Mother tongue shaming. It’s a real thing I’ve lived in fear of and which I have experienced several times. Once, for instance, I attended a friend’s aunt’s impromptu birthday get-together. It was an intimate setting with most of us gathered in the living room. Everyone was conversing in Kikuyu except me and, soon enough, the aunt realised I didn’t understand what they were saying.
It was the first time I had met her, but that didn’t stop her from chastising me. As everyone sat back quietly, probably dumbfounded by her tirade, she disparaged me for using a Kikuyu name and said it was dangerous to live in Kenya and not speak my native tongue. Not once did she ask me why I didn’t speak my mother tongue and assumed it was because I thought it was beneath me.
The shame felt so bad that I went through a period where I avoided introducing myself with my Kikuyu name.
It baffles me how some people feel they have the right to bully people that don’t speak their mother tongue, especially since many of the same people don’t teach their own kids their native languages. You can’t bully someone into wanting to learn a language and, if anything, are more likely to make them hate it.
This shaming also belies the fact that many people, like me, wish they did speak their mother tongue! I know there are people who think that local languages are second class and that speaking English indicates that you have a superior IQ, but I’m not one of them.
My brother and I were born abroad where we spoke English in pre-school and then ended up speaking it at home too. My parents did not intend for us not to learn Kikuyu, and when we returned to Kenya, they realised the gravity of their mistake in not making sure we’d picked it up when we were younger.
They tried to enrol us for lessons and, as an adult, I have tried learning Kikuyu again on several occasions, but I have always struggled.
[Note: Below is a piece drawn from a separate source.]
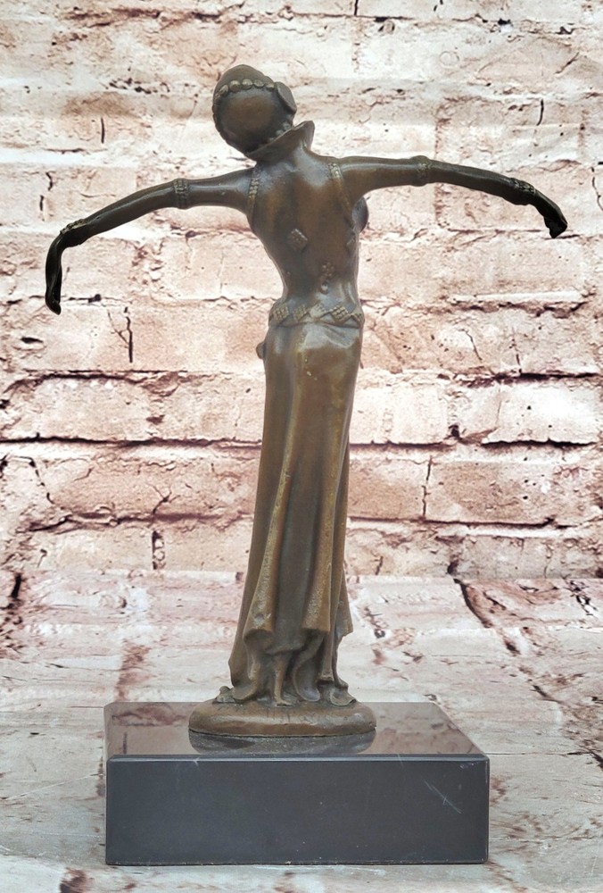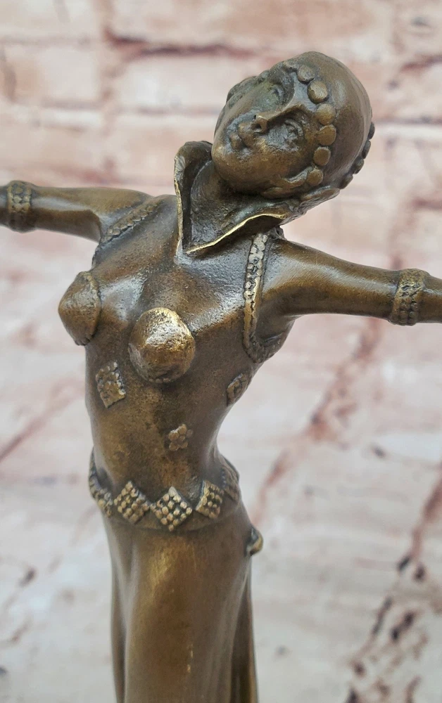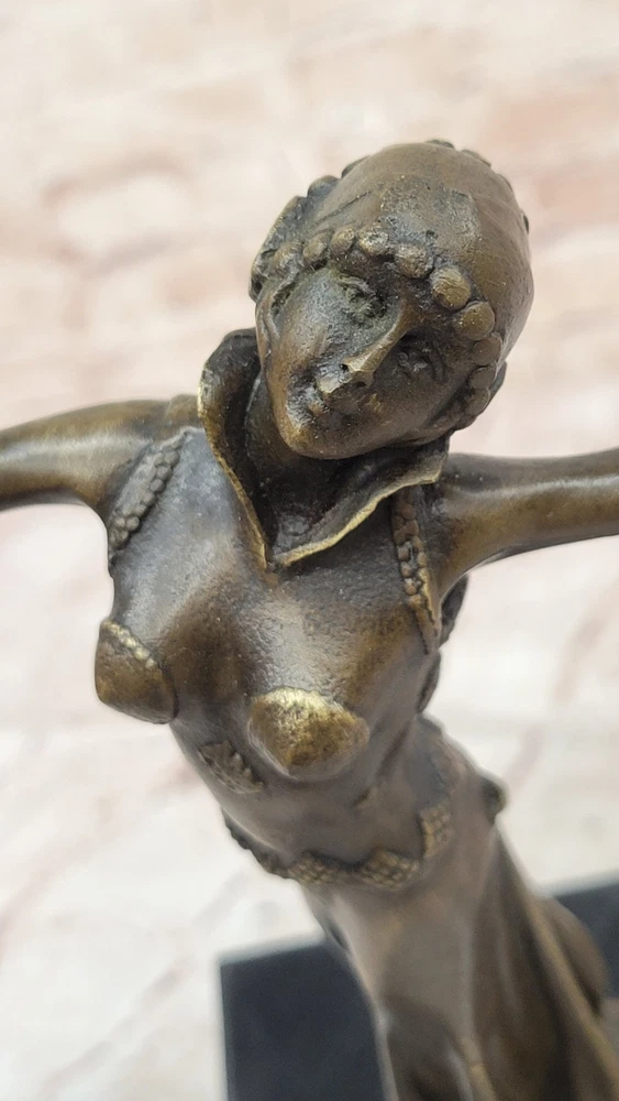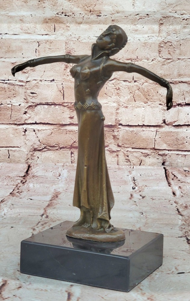 Bronze Sculpture Statue Art Deco 9" Tall Dancer Signed Chiparus Figure Gift BB Bronze Sculpture Statue Art Deco 9" Tall Dancer Signed Chiparus Figure Gift BB Condition : This sculpture is in perfect condition Bronze Dimensions with Marble Base: Height 9.5" X Width 7" Marble Dimensions:4" X 4" Height without base:9" Weight:5 LBS Inventory:57Y2382575 The beautiful maiden can be envisioned dancing to a melody only she can hear—an ethereal rhythm known only to her and nature itself. Surrounded by the silent witness of trees, land, and birds, she twirls effortlessly through the open air, a vision of grace and liberation. Her arms are outstretched, her face uplifted, and her spirit seems to soar alongside the breeze as she embraces the sky above. Crafted in bronze, this sculpture captures a fleeting moment of movement and emotion with exceptional detail. The figure exudes a lightness and freedom, her flowing garments and posture reflecting both elegance and spontaneity. Every curve and gesture invites the viewer to imagine the serenity and joy of being truly in harmony with the natural world. Handmade using the ancient lost-wax casting method, this sculpture is finished with a rich brown patina that enhances its depth and timeless character. Mounted on a black marble base for contrast and stability, the piece bears the signature of the renowned artist D.H. Chiparus, ensuring its place as a collectible and cherished work of art. 100% Solid Bronze Egyptian Sculpture Signed Art D.H. Chiparus Figurine Decor Video will open in a new window Using the eBay App? Paste link into a browser window: [isdntekvideo] Shipping Terms : Most of our items are shipped via USPS (United States Postal Service) mail or UPS. Most orders are shipped within 24-48 hours of purchase. Please be aware that not all items are available for USPS shipping due to size and weight. We do ship to Hawaii, Alaska, Canada, Puerto Rico, APO/AE, and U.S. Virgin Islands, however, an additional charge may be required. Please contact us before making any purchases in these areas. For Non-USA customers, you may be responsible for all duty, tax, brokerage fees that may be due upon delivery (shipping costs cover freight charges only). We also ship internationally. Please refer to the "Shipping and Handling" chart for the rates for each area. Payment : We accept just about any form of payment. PayPal, Master Card, Visa or American Express credit cards. Money orders, cashiers checks, and even personal or business checks. For governmental institutions, we will also accept a purchase order. Please understand that for personal or business checks we have to wait for the check to clear (usually 7 days) before shipping. Condition : New Detailed Hand Crafted Hot Cast Bronze Satisfaction Guaranteed. This is Stock Photo, Slight Color Variation!! Listing and template services provided by inkFrog

I still cannot speak it, but not for want of trying.
Because of this gap, I have always felt like a part of my identity is missing. I also hate that I was never able to have a proper conversation with my grandparents and learn more about them and our history while they were alive. The language gap impeded our relationship, and us forming a close bond.
Recently, I have realised that there is more to this feeling. Our languages connect us, and not knowing your mother tongue can ostracise you and make you feel like an outsider. I have often felt like I don’t fit in like I am not part of the “village” in many ways.
People’s stories of how they ended up not learning their mother tongue vary, but based on my experience, I would advise all parents to teach their kids their native languages if they know them. The children may resist, but they will thank you later.
Any language is valuable. Languages open doors. They get you welcomed among strangers and connect people in a foreign land. They help you lower the price when haggling. I have seen family members and friends benefit in a myriad of ways from being able to speak their mother tongue as I listen longingly.
I still wish I could speak Kikuyu, but a few years ago, I finally made peace with who I am. It felt good to accept the fact that this is me and not feel shame or need external validation and approval. I will eventually learn to speak my mother tongue (so help me God) but not for anyone other than myself. When is my business? I don’t need anyone to impose their timelines on me.
There you have it, folks. An article in English about my mother tongue.